#### Records shown

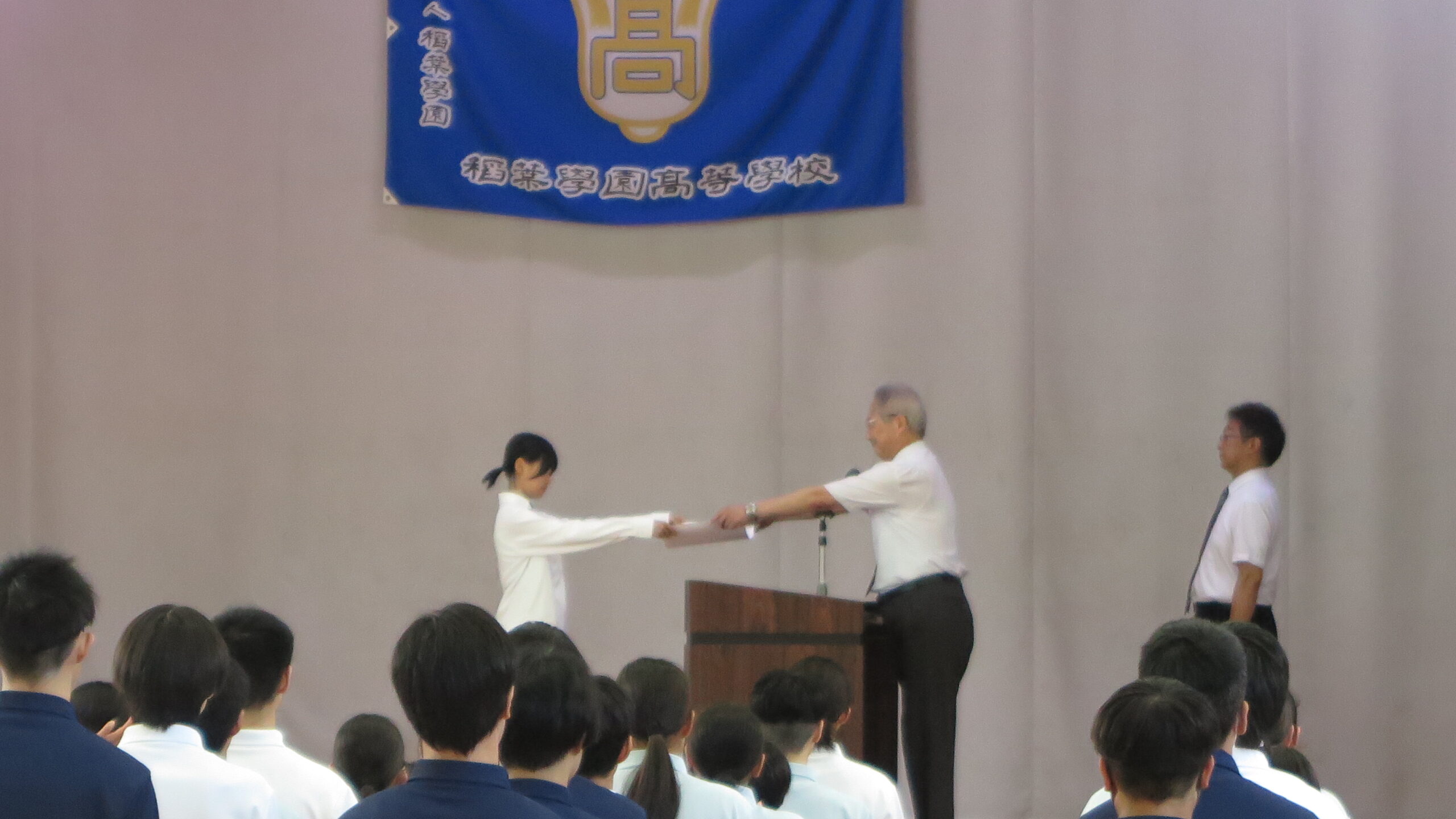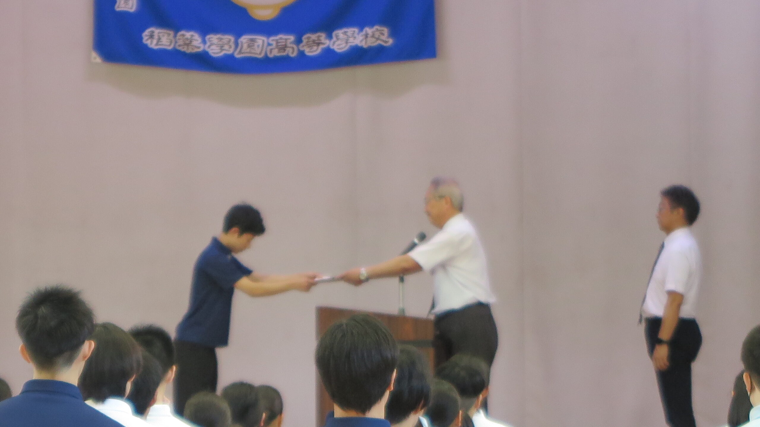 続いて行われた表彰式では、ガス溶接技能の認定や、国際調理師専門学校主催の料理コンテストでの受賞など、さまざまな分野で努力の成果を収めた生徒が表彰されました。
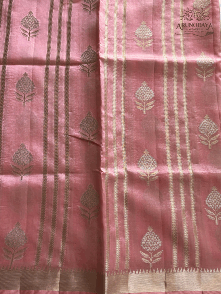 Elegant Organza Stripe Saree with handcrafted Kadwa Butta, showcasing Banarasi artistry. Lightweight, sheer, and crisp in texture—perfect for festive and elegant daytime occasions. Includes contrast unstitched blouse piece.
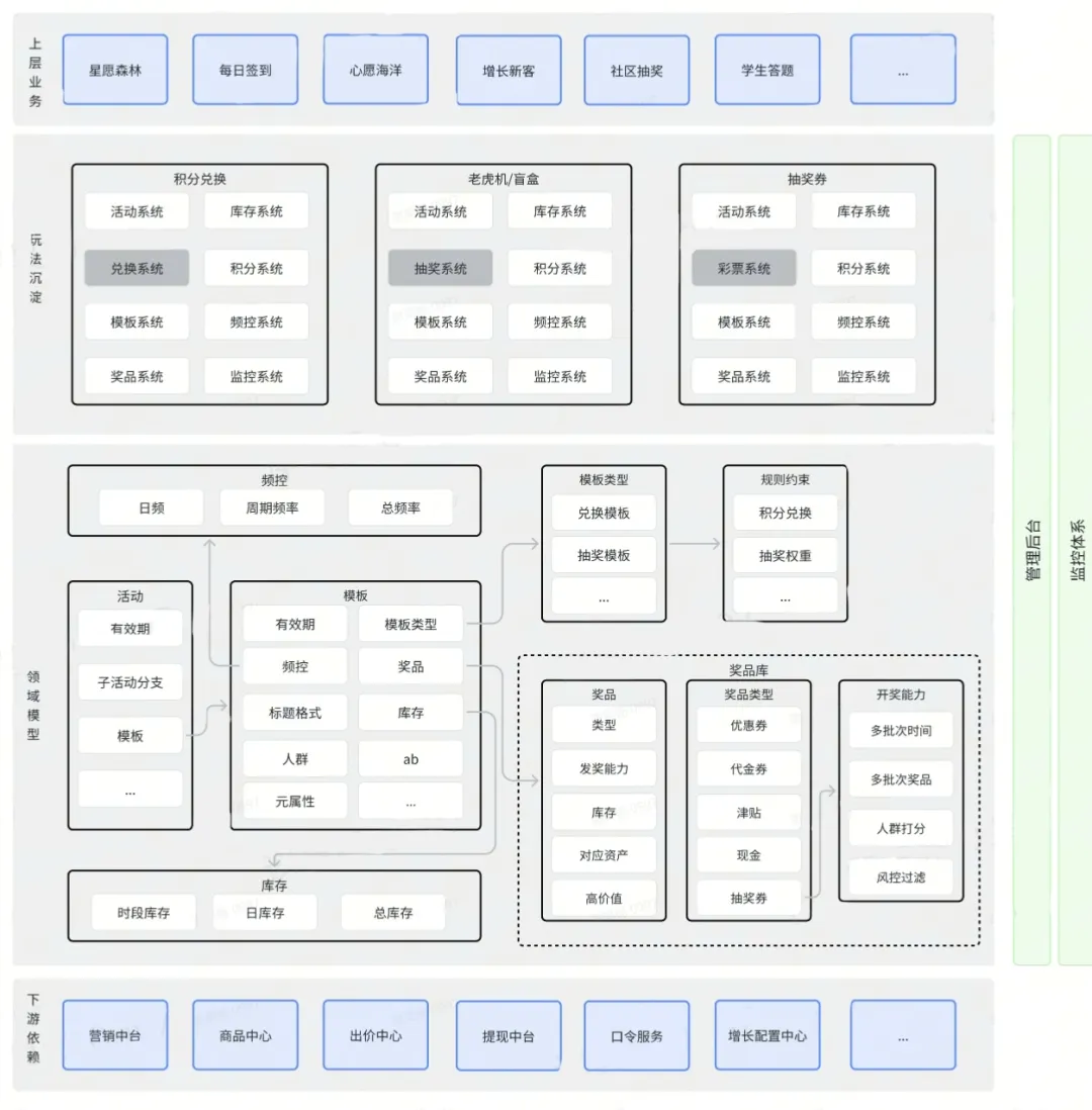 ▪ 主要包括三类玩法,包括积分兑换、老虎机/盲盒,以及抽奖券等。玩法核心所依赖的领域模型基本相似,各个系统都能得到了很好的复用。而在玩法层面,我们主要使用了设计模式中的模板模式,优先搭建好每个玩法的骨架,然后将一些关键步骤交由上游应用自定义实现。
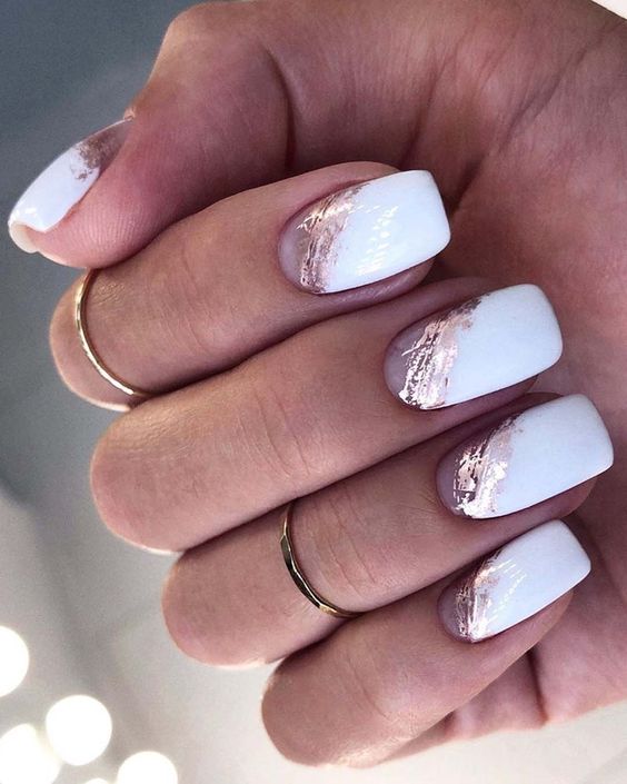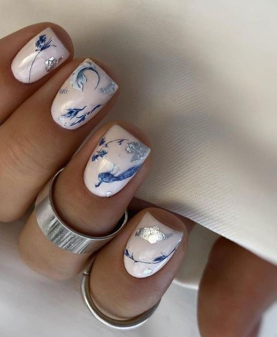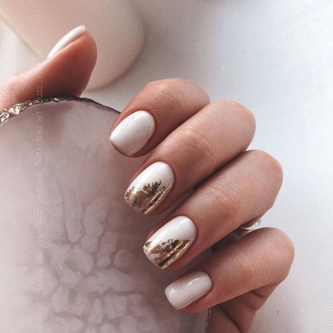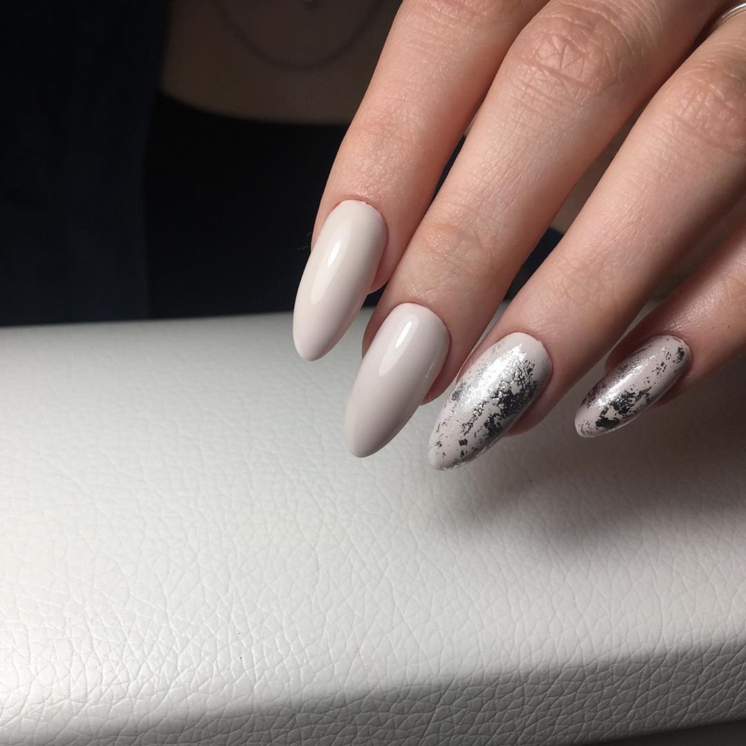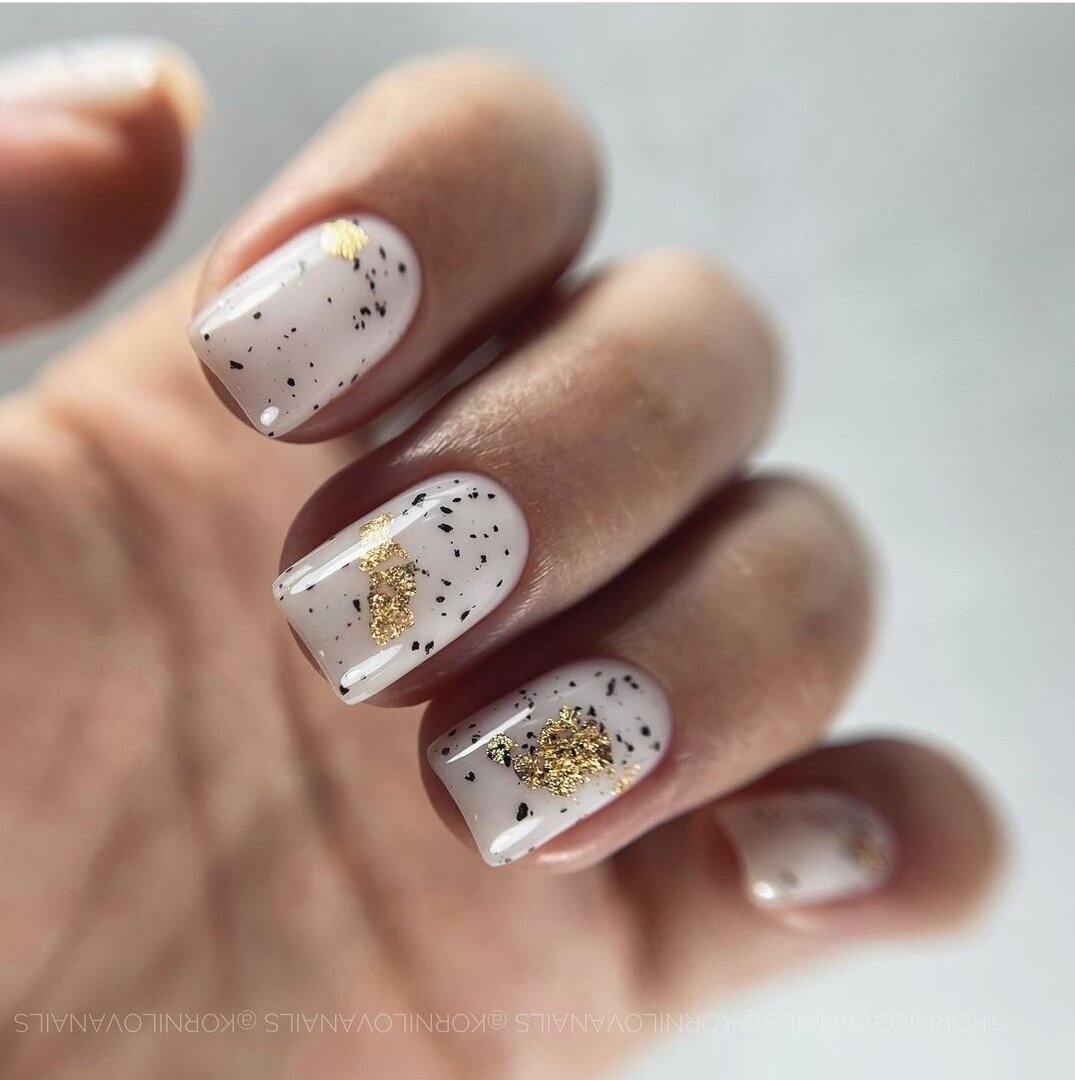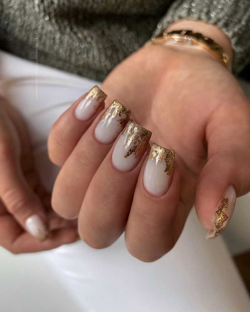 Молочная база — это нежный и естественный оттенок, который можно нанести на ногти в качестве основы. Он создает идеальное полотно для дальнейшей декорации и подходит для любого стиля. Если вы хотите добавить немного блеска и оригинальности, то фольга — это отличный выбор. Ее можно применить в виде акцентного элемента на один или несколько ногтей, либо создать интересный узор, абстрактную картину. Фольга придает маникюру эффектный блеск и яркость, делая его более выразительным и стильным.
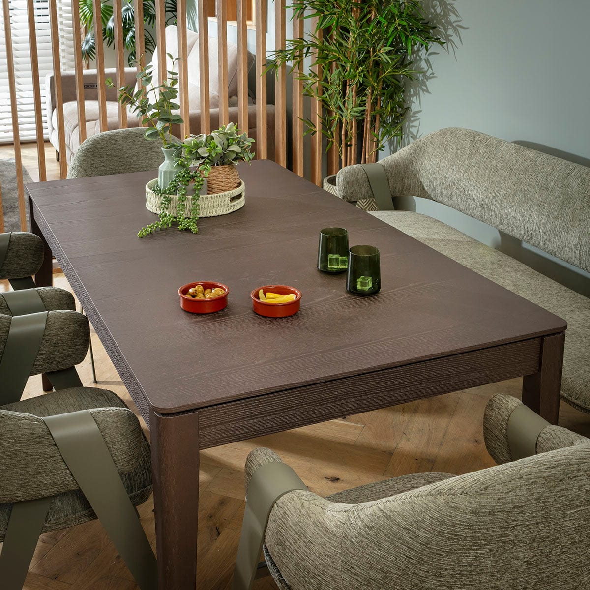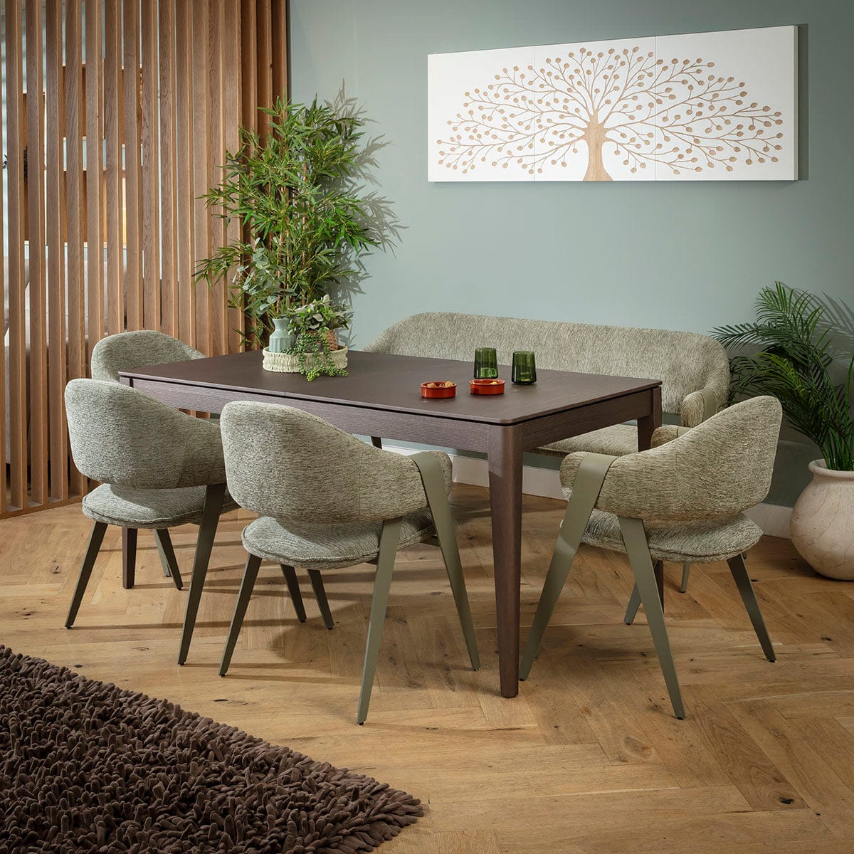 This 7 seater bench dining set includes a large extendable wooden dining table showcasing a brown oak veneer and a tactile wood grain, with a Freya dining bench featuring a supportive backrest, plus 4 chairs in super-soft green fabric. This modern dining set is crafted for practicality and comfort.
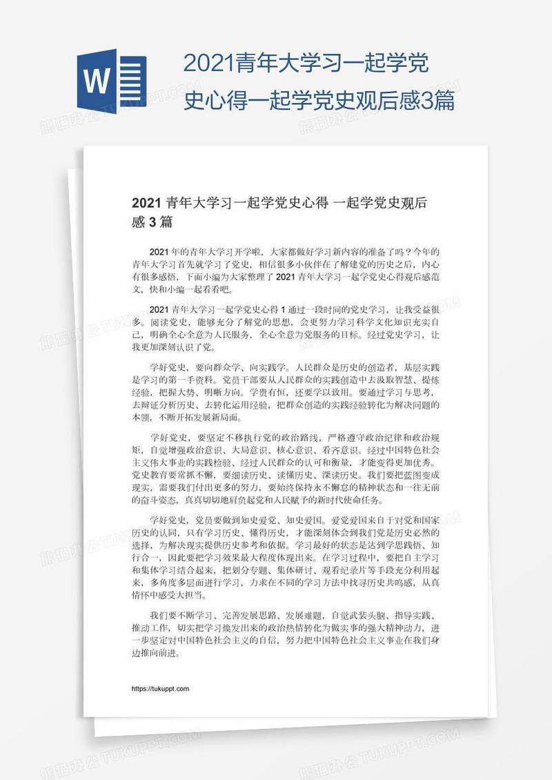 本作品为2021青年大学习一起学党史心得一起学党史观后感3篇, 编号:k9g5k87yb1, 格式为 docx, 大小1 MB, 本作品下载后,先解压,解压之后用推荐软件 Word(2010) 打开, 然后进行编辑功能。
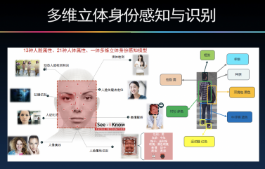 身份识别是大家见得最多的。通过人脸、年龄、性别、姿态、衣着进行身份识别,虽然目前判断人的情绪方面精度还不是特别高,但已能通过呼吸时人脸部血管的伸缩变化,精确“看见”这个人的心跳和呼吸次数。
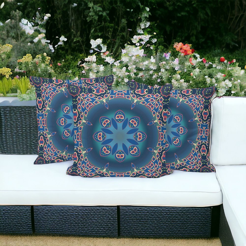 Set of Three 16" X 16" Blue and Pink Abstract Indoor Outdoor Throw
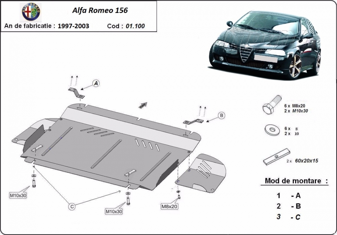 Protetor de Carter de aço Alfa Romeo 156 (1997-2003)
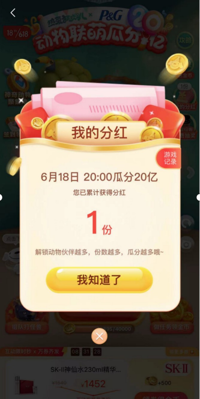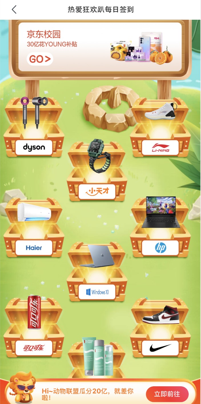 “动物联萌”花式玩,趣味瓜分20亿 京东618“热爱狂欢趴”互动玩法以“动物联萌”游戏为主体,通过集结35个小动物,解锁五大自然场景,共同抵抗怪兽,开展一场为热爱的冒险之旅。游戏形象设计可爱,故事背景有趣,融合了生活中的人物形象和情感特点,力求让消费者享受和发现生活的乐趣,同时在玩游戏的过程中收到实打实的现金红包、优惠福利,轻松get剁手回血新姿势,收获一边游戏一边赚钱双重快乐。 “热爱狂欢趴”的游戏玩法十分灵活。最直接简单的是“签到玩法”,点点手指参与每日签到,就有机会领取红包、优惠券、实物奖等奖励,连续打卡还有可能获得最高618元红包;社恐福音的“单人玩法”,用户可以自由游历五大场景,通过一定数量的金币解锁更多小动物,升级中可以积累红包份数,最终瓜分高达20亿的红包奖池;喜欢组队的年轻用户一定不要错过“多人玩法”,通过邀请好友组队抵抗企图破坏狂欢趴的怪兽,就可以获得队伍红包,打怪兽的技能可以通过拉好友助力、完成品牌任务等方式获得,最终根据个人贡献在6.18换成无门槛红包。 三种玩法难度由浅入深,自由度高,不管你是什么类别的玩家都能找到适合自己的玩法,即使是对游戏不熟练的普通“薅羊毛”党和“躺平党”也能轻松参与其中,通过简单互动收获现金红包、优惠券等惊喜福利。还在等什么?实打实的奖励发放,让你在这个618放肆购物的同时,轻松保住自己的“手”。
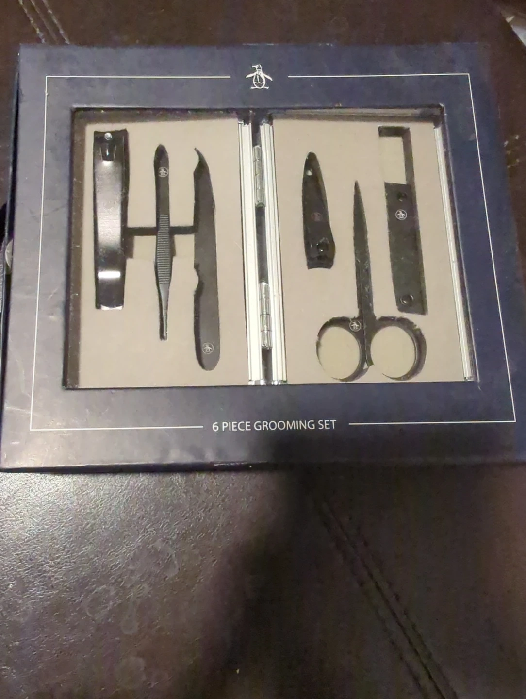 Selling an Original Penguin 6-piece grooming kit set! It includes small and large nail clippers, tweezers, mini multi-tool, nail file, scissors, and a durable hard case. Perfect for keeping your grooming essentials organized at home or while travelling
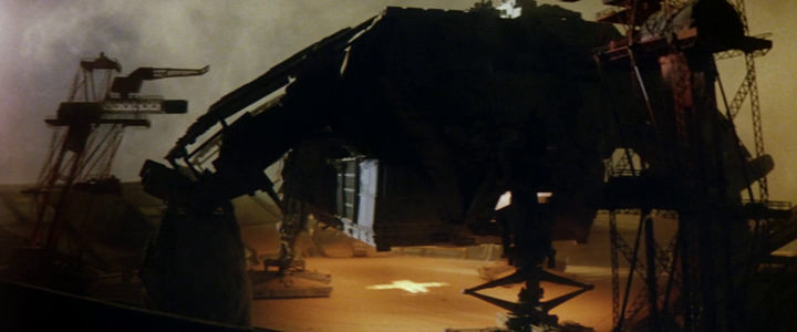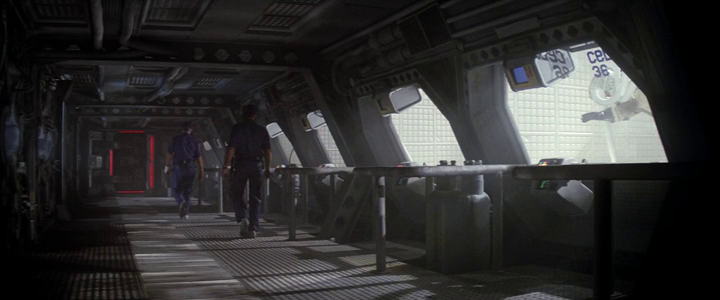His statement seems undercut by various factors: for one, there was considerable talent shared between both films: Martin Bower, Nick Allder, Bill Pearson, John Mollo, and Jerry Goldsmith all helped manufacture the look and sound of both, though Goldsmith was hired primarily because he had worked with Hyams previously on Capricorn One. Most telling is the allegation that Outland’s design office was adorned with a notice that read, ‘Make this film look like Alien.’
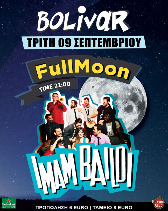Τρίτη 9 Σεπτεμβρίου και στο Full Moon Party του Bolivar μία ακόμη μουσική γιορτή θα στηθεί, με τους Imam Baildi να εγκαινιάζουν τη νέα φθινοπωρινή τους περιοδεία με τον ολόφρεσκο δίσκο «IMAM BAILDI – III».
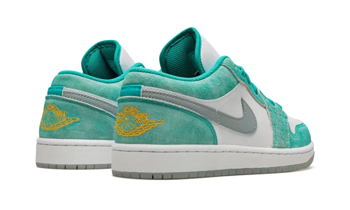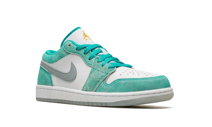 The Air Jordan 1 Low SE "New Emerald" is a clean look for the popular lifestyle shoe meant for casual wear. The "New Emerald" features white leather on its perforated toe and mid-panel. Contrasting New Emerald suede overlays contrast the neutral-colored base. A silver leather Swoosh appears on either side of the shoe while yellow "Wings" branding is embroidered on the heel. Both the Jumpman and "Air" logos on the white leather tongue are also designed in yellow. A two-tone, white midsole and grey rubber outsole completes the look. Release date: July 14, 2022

########

Directions for this task:
The answer must be an exact copy of the lines above, from the start of the records through the line with "Молочная база —", and of nothing else; no pictures belong in it.

Response box:
 続いて行われた表彰式では、ガス溶接技能の認定や、国際調理師専門学校主催の料理コンテストでの受賞など、さまざまな分野で努力の成果を収めた生徒が表彰されました。
 Elegant Organza Stripe Saree with handcrafted Kadwa Butta, showcasing Banarasi artistry. Lightweight, sheer, and crisp in texture—perfect for festive and elegant daytime occasions. Includes contrast unstitched blouse piece.
 ▪ 主要包括三类玩法,包括积分兑换、老虎机/盲盒,以及抽奖券等。玩法核心所依赖的领域模型基本相似,各个系统都能得到了很好的复用。而在玩法层面,我们主要使用了设计模式中的模板模式,优先搭建好每个玩法的骨架,然后将一些关键步骤交由上游应用自定义实现。
 Молочная база — это нежный и естественный оттенок, который можно нанести на ногти в качестве основы. Он создает идеальное полотно для дальнейшей декорации и подходит для любого стиля. Если вы хотите добавить немного блеска и оригинальности, то фольга — это отличный выбор. Ее можно применить в виде акцентного элемента на один или несколько ногтей, либо создать интересный узор, абстрактную картину. Фольга придает маникюру эффектный блеск и яркость, делая его более выразительным и стильным.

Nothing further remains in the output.